Quote the lines of the data below verbatim, beginning at the line that contains "Elegant Blue Hydrangea" and ending at the last line, both included, and excluding pictures.

--- Data block ---

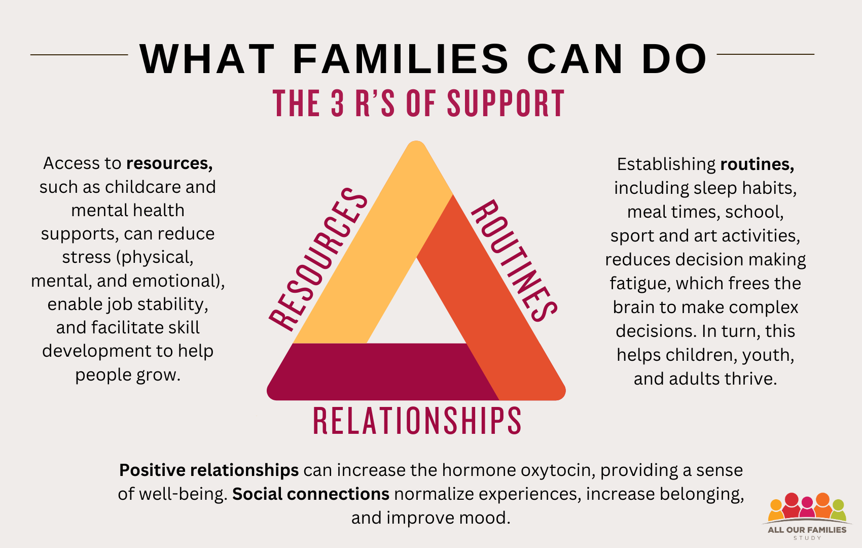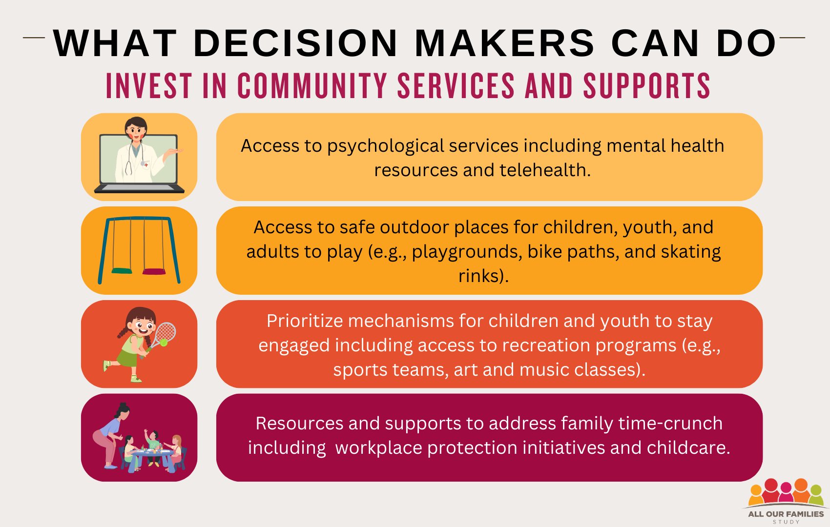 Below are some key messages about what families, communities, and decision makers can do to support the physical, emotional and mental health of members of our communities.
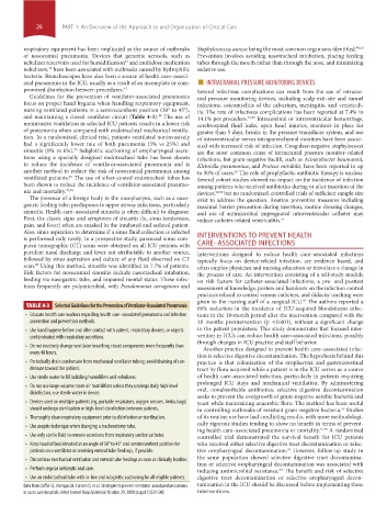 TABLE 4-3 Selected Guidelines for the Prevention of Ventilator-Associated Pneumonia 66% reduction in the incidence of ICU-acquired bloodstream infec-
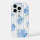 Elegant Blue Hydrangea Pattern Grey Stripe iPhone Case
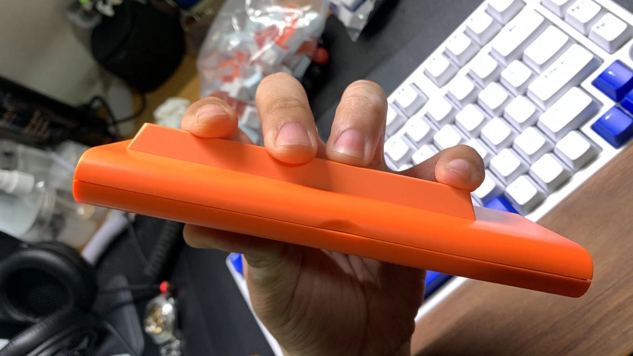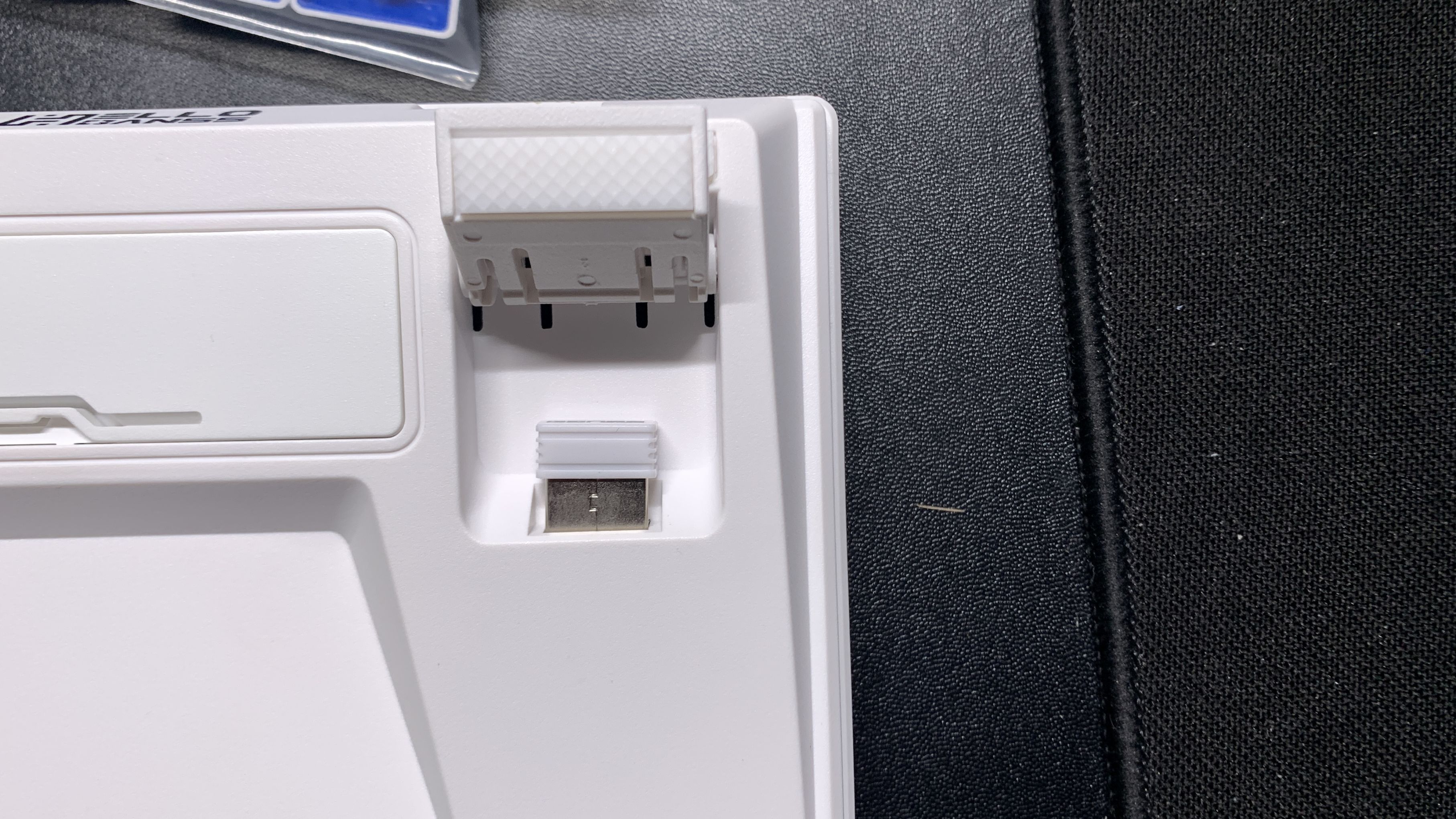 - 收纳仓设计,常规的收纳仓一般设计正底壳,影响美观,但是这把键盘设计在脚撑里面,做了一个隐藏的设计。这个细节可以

---

__Response to the exercise__
 Elegant Blue Hydrangea Pattern Grey Stripe iPhone Case
 - 收纳仓设计,常规的收纳仓一般设计正底壳,影响美观,但是这把键盘设计在脚撑里面,做了一个隐藏的设计。这个细节可以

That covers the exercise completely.